Short sleep duration combined with frequent snoring reported prior to cancer diagnosis may influence subsequent breast cancer survival, says a study.
One potential mechanism underlying this relationship is the adverse effect of poor sleep on inflammatory pathways, which may be a contributing factor in the development and progression of cancer, the researchers said.
The study found that women who typically slept less than the recommended 7 hours of sleep per night and were frequent snorers in the years before their cancer diagnosis experienced a poorer cancer prognosis.
"We were surprised to see that snoring, especially in combination with short sleep duration, had such a strong association with cancer survival for certain cancer types," said lead study author Amanda Phipps from University of Washington.

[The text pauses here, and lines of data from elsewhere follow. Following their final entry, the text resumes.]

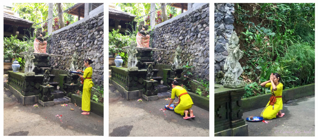 Los balineses son gente muy espiritual. Todos los días le piden a los dioses por un buen trabajo y una vida feliz en armonía familiar. Es muy normal encontrarlos realizando sus oraciones antes de comenzar su jornada laboral.
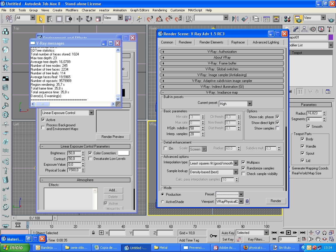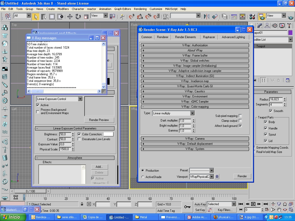 He hecho muchísimos render, y he cambiado mil veces los parámetros de la Physical Camera, he jugado con el Shutter Speed(velocidad), con el diafragma (f-number) y con la ISO, pero no logro captura bien la imagen, me sale negra y cuando la pongo clara con la apertura del diafragma en números bajos, la fotografía pierde mucha calidad, además el render me tarda muchísimo, puede ser todo esto porque no tengo calibrado el monitor, es que no tengo hardware para hacerlo, he usado todos los parámetros de LightWave, no sé, estoy bastante liado, a ver si me podéis orientar sobre cómo colocar la cámara, porque puede estar ahí el error, gracias.
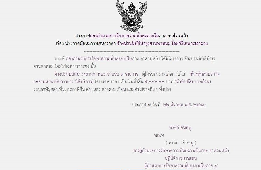 ประกาศผู้ชนะการเสนอราคา จ้างปรนนิบัติบำรุงยานพาหนะ โดยวิธีเฉพาะเจาะจง (5,040.00)
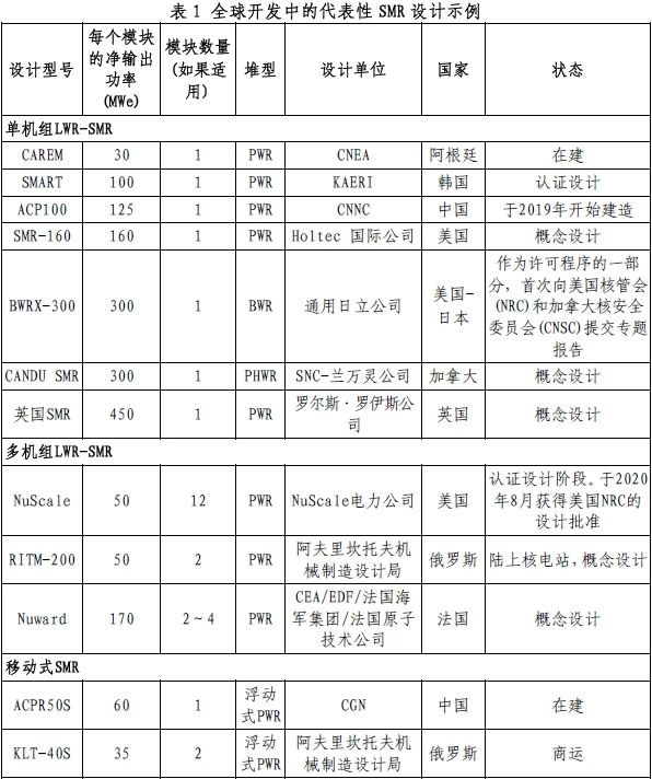 目前,至少有72个SMR概念正处于不同的开发阶段(IAEA,2020年),较2018年增加了40%(IAEA,2018年)。表1列举了国际上处于开发阶段的代表性SMR,其中大约一半的设计概念基于LWR技术,另一半基于第四代概念。虽然“SMR”一词在世界各地被用来指所有小型反应堆设计,但主要类型的SMR之间仍存在显著差异,特别是在设计模块化程度方面。

"To our knowledge, snoring has not previously been evaluated in relation to cancer survival, but our results suggest that it can be an important consideration,” Phipps added in a paper published in the Journal of Clinical Sleep Medicine.
The team analysed 21,230 women diagnosed with a primary invasive cancer in which they also provided information about sleep duration and snoring.
Breast cancer patients who reported sleeping six hours or less per night and snoring five or more nights per week before their diagnosis were two times more likely to die from breast cancer than patients who reported sleeping seven to eight hours per night and rarely snored.
"Healthy, sufficient sleep is essential for individual well-being, population health and public safety," Nathaniel Watson from American Academy of Sleep Medicine said.
"Unlike so many things, sleep can impact cancer risk and cancer prognosis, sleep is something that an individual can potentially control,” Watson stated.